- PROVIDED RECORDS -
Start of Block

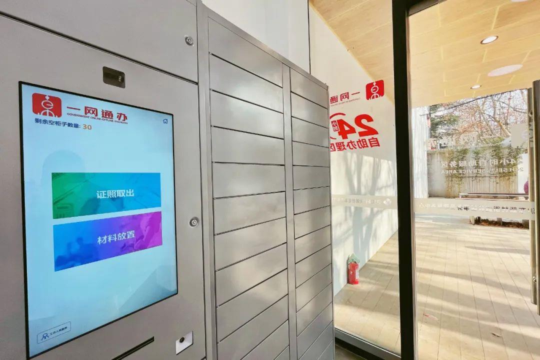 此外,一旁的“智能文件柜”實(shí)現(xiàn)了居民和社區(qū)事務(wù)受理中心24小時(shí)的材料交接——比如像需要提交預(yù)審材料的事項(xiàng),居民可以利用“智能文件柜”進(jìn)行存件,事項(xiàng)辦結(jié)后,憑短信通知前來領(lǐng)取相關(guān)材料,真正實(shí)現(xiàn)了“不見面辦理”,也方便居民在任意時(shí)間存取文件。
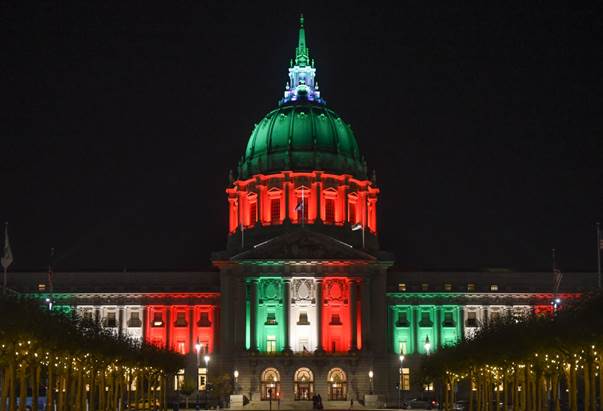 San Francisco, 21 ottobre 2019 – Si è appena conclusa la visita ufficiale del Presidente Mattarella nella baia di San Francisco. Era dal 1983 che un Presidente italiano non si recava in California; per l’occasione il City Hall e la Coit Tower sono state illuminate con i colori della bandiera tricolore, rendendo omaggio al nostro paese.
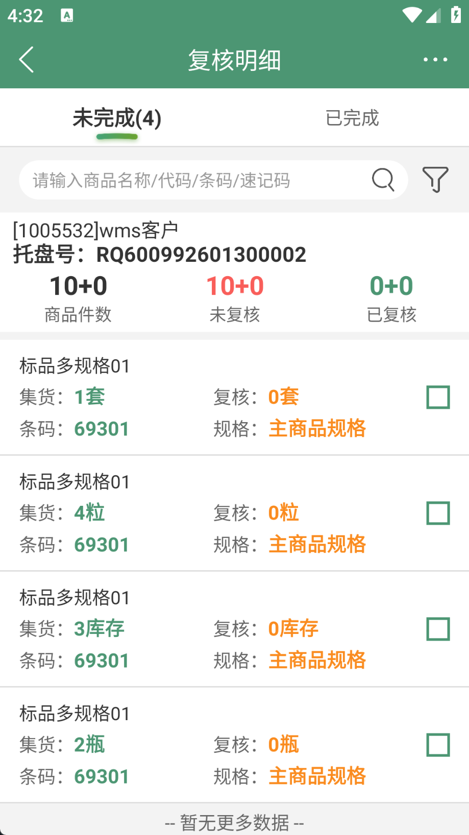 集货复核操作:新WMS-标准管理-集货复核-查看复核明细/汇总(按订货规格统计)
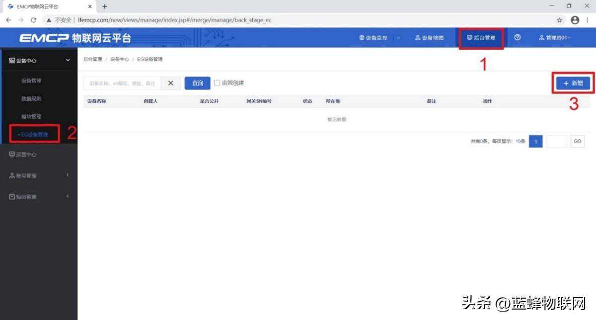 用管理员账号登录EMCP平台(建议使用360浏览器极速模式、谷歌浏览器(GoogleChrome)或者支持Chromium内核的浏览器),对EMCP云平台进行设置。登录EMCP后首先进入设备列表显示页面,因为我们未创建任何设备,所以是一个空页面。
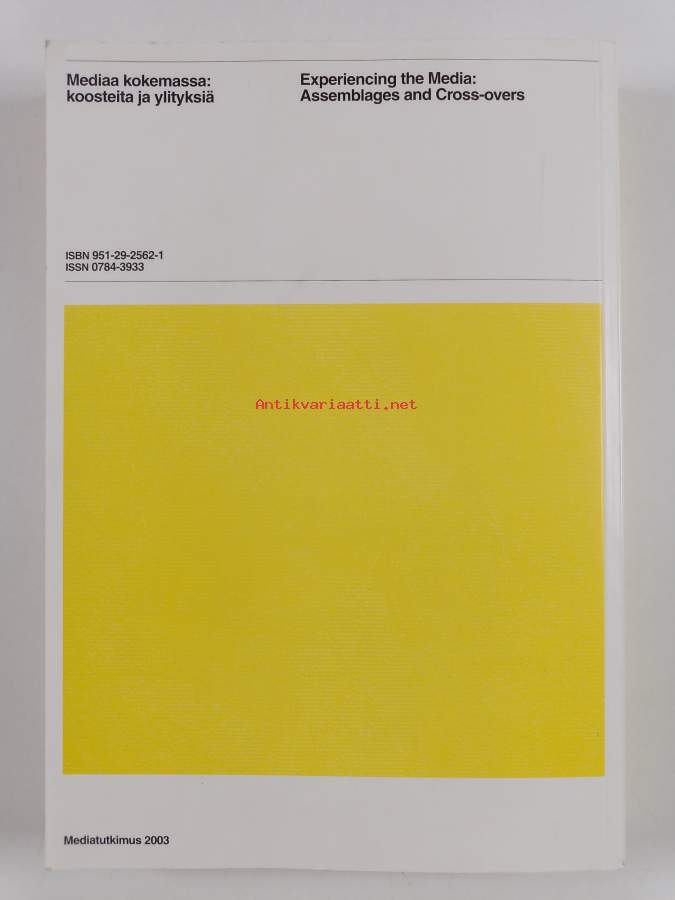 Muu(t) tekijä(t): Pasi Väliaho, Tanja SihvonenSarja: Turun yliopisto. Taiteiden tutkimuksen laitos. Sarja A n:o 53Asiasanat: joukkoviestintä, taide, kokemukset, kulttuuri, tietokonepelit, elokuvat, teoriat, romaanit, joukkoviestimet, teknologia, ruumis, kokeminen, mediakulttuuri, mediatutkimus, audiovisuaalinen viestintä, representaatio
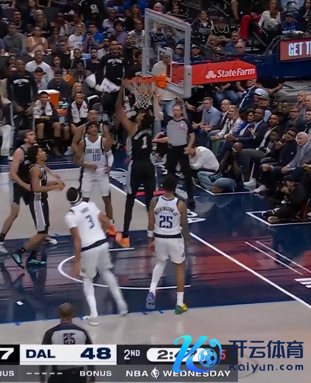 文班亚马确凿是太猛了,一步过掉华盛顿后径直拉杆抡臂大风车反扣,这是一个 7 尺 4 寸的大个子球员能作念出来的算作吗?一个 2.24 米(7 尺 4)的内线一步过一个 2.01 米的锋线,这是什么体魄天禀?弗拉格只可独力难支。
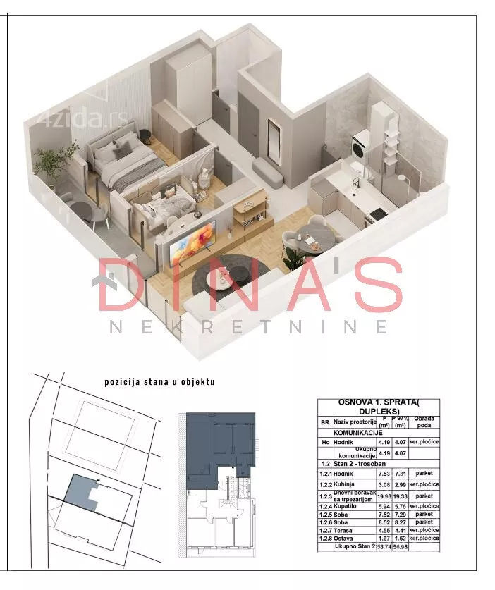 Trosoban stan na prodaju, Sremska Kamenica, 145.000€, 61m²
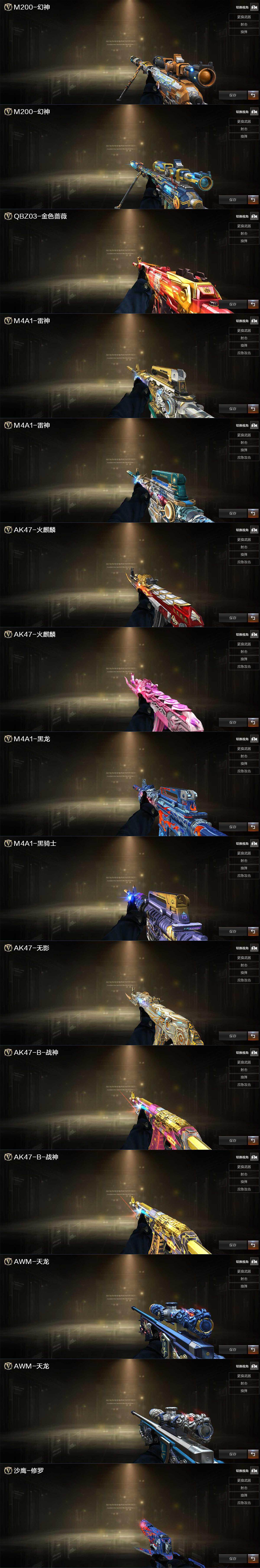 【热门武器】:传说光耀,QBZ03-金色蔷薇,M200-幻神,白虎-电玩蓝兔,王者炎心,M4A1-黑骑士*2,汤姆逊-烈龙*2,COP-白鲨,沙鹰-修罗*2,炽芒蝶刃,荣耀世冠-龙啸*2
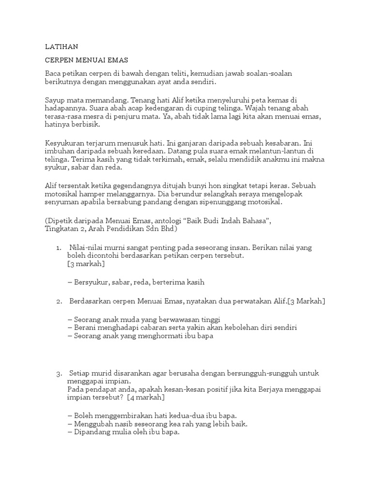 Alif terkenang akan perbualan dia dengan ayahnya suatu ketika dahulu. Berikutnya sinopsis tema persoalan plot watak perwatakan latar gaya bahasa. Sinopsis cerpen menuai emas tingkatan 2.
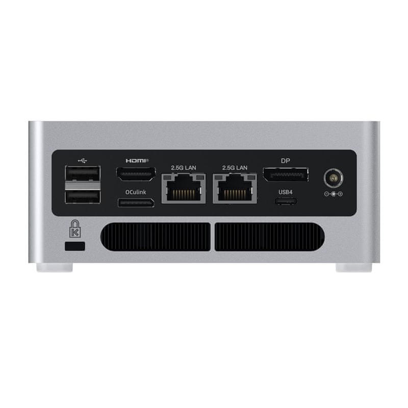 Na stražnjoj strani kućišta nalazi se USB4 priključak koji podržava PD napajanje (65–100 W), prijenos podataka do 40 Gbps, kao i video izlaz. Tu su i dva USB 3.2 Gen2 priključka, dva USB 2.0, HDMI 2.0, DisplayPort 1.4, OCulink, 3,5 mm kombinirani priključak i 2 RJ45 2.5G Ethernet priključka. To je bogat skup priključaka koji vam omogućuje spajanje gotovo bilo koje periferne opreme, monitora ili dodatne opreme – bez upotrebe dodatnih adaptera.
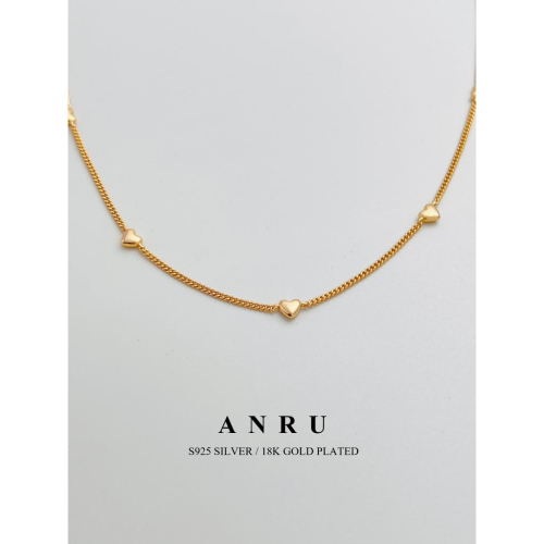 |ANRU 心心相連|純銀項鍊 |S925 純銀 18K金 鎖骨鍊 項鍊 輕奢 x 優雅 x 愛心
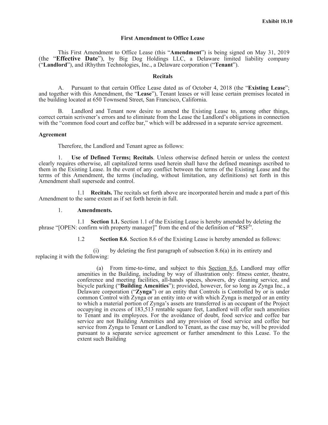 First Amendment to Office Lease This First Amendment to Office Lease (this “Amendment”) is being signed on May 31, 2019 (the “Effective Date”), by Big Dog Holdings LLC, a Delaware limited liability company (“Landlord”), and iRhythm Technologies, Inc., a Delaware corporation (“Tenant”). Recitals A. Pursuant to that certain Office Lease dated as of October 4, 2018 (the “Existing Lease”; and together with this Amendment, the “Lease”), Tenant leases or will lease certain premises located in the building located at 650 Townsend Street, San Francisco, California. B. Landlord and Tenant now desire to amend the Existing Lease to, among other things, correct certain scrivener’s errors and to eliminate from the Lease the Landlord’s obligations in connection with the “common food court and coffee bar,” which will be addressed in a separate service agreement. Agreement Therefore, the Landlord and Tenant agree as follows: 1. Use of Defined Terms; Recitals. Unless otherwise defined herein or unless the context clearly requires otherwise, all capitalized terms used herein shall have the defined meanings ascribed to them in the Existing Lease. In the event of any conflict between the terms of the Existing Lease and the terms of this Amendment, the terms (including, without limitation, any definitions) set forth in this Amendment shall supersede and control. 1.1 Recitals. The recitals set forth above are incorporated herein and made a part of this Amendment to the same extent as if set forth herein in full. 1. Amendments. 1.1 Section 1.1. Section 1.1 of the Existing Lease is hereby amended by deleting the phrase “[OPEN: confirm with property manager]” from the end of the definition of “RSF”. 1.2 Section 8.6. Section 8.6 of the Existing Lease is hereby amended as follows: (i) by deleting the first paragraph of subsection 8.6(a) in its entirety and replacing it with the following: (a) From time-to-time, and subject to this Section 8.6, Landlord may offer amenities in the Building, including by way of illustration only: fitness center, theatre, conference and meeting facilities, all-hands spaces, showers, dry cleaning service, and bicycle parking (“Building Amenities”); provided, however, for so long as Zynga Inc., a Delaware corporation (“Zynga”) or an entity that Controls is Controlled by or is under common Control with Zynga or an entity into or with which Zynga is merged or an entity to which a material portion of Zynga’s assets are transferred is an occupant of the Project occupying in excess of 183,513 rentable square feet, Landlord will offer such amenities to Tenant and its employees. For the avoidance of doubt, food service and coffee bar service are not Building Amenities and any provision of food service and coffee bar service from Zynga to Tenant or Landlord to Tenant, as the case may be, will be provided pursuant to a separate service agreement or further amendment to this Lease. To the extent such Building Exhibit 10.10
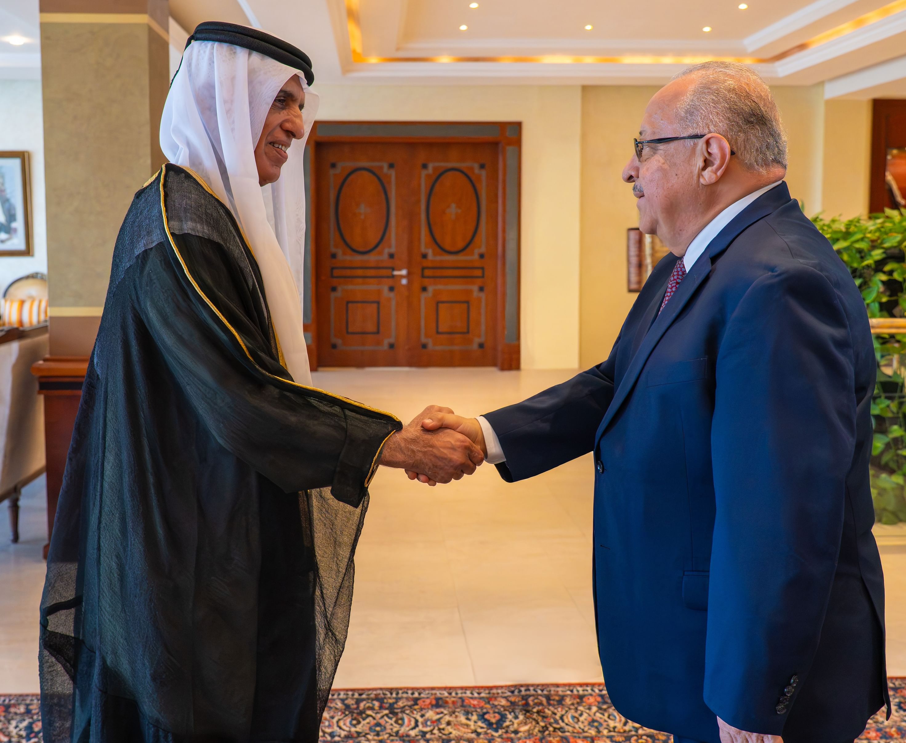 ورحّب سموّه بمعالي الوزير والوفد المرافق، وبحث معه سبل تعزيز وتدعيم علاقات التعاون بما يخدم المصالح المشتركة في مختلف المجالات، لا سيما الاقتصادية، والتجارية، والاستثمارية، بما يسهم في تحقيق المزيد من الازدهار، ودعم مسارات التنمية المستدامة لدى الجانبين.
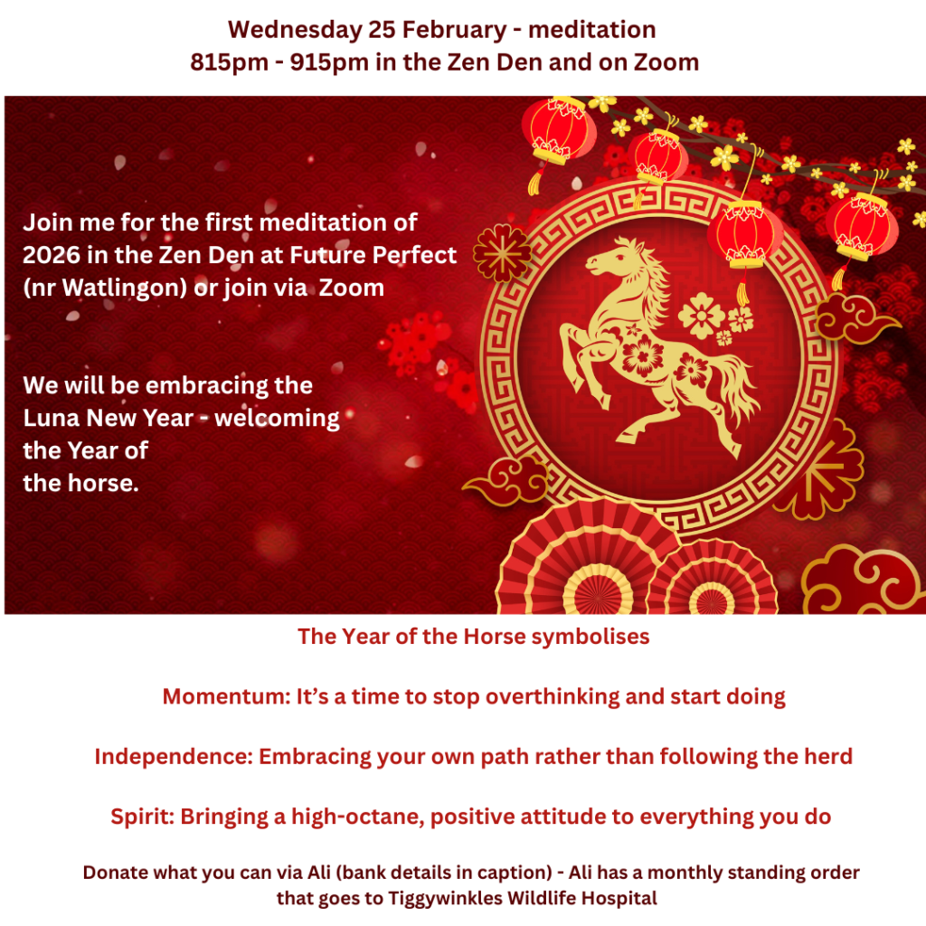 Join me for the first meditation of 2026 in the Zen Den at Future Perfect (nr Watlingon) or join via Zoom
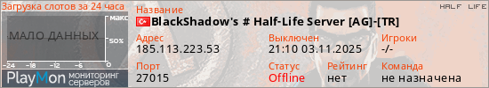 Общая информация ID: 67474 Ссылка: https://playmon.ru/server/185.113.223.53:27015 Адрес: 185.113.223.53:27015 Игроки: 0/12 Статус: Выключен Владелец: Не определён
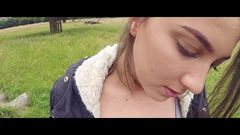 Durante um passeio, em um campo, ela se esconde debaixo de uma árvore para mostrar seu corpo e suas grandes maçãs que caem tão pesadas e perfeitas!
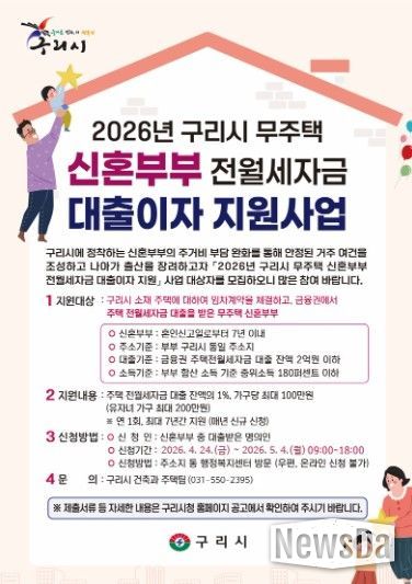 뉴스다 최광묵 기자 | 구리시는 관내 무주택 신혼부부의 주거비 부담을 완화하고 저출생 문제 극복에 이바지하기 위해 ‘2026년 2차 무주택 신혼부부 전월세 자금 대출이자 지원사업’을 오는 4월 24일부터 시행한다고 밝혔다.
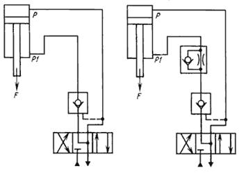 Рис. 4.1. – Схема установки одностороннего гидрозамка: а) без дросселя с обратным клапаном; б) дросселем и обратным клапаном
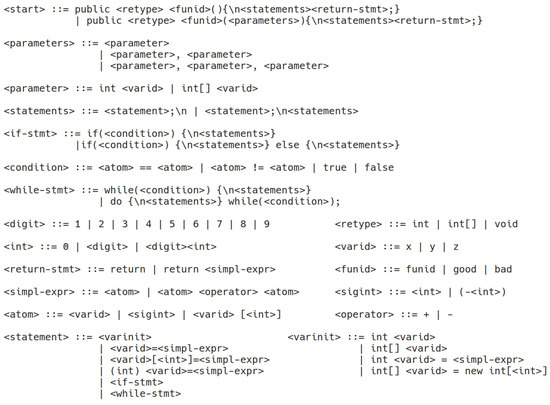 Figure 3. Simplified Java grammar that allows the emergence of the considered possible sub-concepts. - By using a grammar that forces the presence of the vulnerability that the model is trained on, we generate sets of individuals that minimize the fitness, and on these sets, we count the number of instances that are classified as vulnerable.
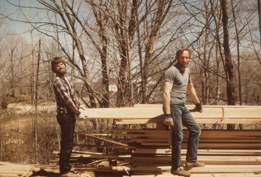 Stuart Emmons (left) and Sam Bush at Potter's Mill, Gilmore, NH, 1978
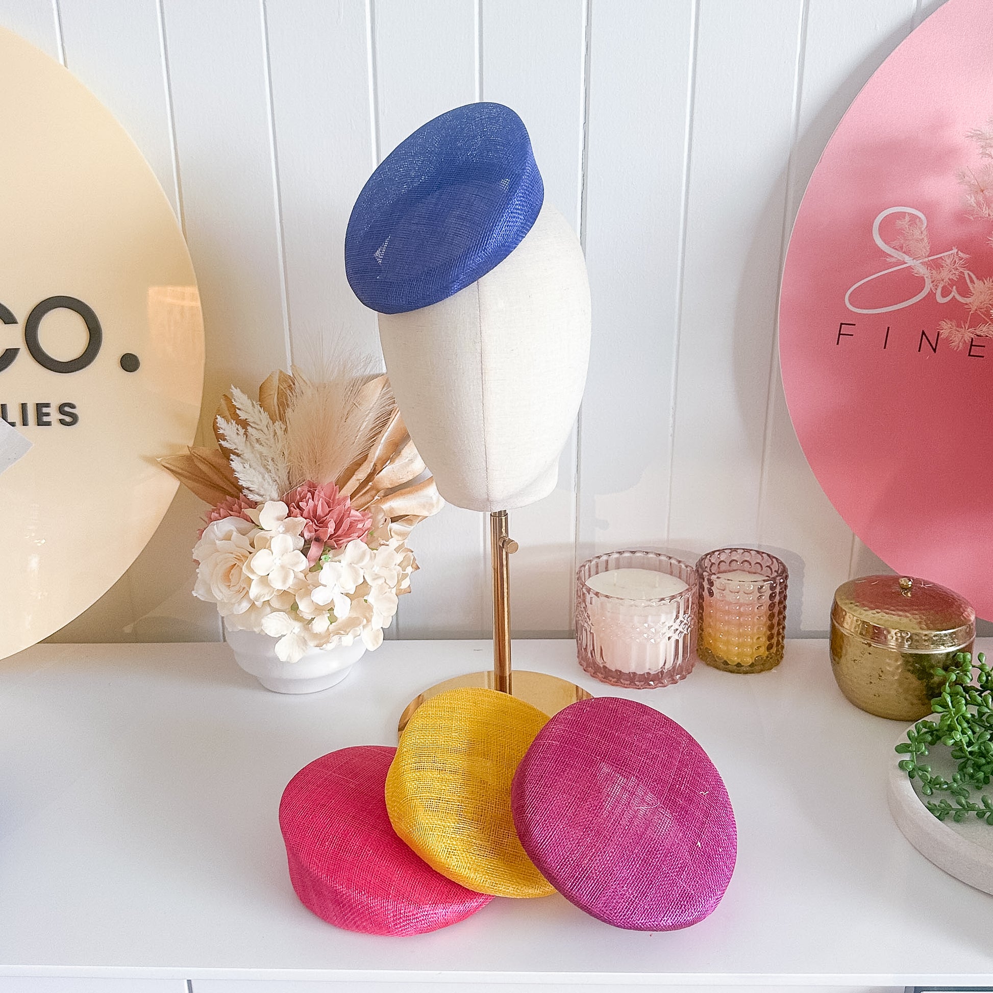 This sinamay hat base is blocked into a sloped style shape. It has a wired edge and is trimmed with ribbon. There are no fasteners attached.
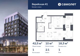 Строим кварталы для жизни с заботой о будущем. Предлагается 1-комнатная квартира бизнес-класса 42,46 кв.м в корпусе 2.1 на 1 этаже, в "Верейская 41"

End of Block

- PROBLEM DESCRIPTION -
Working from the entries above, reproduce exactly and only the lines beginning with the line that has "Trosoban stan na" and ending with the line that has "Alif terkenang akan"; omit all pictures.

- ANSWER TO THIS EXERCISE -
 Trosoban stan na prodaju, Sremska Kamenica, 145.000€, 61m²
 【热门武器】:传说光耀,QBZ03-金色蔷薇,M200-幻神,白虎-电玩蓝兔,王者炎心,M4A1-黑骑士*2,汤姆逊-烈龙*2,COP-白鲨,沙鹰-修罗*2,炽芒蝶刃,荣耀世冠-龙啸*2
 Alif terkenang akan perbualan dia dengan ayahnya suatu ketika dahulu. Berikutnya sinopsis tema persoalan plot watak perwatakan latar gaya bahasa. Sinopsis cerpen menuai emas tingkatan 2.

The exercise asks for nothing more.